* [Exercise instructions]:
Given the material below, return only the lines starting at the line with "Pink Quartz &" and ending at the line with "BRAUER Void nisdeur", exactly as they appear.

* [Data]:
......

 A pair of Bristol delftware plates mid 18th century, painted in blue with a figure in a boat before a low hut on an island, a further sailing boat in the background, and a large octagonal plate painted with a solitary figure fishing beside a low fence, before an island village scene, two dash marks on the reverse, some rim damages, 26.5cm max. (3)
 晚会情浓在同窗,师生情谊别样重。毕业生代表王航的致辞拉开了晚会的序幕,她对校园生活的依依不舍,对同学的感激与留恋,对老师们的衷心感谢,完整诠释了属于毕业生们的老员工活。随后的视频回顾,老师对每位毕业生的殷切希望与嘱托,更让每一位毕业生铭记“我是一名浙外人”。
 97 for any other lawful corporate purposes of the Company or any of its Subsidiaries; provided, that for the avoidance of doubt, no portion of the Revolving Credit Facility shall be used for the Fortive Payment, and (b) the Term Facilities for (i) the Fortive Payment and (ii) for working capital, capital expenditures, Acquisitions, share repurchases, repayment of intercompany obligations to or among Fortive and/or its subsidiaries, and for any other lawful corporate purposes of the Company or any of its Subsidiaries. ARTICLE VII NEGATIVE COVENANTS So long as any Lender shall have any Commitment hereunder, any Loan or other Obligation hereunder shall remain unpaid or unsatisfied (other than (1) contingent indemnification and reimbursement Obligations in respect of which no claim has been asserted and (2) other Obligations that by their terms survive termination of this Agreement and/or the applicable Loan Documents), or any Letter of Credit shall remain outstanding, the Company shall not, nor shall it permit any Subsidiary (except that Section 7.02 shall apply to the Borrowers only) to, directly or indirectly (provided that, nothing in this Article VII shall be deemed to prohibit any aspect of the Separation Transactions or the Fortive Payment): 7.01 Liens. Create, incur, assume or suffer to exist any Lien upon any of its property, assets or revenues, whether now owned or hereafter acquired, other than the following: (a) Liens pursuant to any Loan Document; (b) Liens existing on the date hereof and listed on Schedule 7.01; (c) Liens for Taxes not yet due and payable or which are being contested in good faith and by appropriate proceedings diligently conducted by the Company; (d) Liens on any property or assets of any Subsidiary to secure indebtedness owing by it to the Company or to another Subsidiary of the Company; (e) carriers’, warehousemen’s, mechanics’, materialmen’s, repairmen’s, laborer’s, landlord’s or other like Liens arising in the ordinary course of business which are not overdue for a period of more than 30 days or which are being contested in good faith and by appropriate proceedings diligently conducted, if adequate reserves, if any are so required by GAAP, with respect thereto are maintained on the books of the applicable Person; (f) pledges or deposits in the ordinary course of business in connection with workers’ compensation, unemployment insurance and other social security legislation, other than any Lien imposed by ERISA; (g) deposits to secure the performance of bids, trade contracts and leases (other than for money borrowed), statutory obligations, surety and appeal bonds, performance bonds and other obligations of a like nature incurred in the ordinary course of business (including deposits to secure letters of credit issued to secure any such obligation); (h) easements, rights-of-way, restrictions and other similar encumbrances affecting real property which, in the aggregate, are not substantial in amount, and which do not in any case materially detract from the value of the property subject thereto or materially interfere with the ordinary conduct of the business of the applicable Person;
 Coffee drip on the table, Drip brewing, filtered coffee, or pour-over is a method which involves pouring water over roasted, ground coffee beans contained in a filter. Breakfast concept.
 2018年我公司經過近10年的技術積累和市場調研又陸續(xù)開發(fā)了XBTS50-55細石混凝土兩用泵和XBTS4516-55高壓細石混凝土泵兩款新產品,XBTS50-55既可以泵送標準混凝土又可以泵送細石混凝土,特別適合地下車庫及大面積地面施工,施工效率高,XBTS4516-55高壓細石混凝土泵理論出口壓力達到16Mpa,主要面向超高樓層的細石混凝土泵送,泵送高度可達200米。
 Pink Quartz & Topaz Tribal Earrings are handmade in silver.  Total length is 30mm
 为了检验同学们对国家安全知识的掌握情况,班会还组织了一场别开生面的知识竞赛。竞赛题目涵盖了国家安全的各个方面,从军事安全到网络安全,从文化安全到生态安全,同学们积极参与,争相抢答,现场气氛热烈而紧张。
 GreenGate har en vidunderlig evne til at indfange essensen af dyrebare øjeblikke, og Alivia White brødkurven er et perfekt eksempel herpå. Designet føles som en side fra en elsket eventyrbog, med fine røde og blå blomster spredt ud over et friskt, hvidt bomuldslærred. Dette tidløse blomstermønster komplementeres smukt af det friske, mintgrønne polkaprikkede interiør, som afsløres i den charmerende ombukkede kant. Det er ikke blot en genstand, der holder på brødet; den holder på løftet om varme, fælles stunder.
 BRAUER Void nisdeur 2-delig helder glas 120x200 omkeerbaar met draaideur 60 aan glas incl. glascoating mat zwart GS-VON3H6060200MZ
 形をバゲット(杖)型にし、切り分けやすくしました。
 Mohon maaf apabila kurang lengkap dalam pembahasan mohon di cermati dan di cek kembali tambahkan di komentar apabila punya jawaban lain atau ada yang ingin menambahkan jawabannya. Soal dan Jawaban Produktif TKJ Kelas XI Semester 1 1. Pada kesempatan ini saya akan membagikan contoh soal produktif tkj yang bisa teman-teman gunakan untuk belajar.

......

* [Response to this task]:
 Pink Quartz & Topaz Tribal Earrings are handmade in silver.  Total length is 30mm
 为了检验同学们对国家安全知识的掌握情况,班会还组织了一场别开生面的知识竞赛。竞赛题目涵盖了国家安全的各个方面,从军事安全到网络安全,从文化安全到生态安全,同学们积极参与,争相抢答,现场气氛热烈而紧张。
 GreenGate har en vidunderlig evne til at indfange essensen af dyrebare øjeblikke, og Alivia White brødkurven er et perfekt eksempel herpå. Designet føles som en side fra en elsket eventyrbog, med fine røde og blå blomster spredt ud over et friskt, hvidt bomuldslærred. Dette tidløse blomstermønster komplementeres smukt af det friske, mintgrønne polkaprikkede interiør, som afsløres i den charmerende ombukkede kant. Det er ikke blot en genstand, der holder på brødet; den holder på løftet om varme, fælles stunder.
 BRAUER Void nisdeur 2-delig helder glas 120x200 omkeerbaar met draaideur 60 aan glas incl. glascoating mat zwart GS-VON3H6060200MZ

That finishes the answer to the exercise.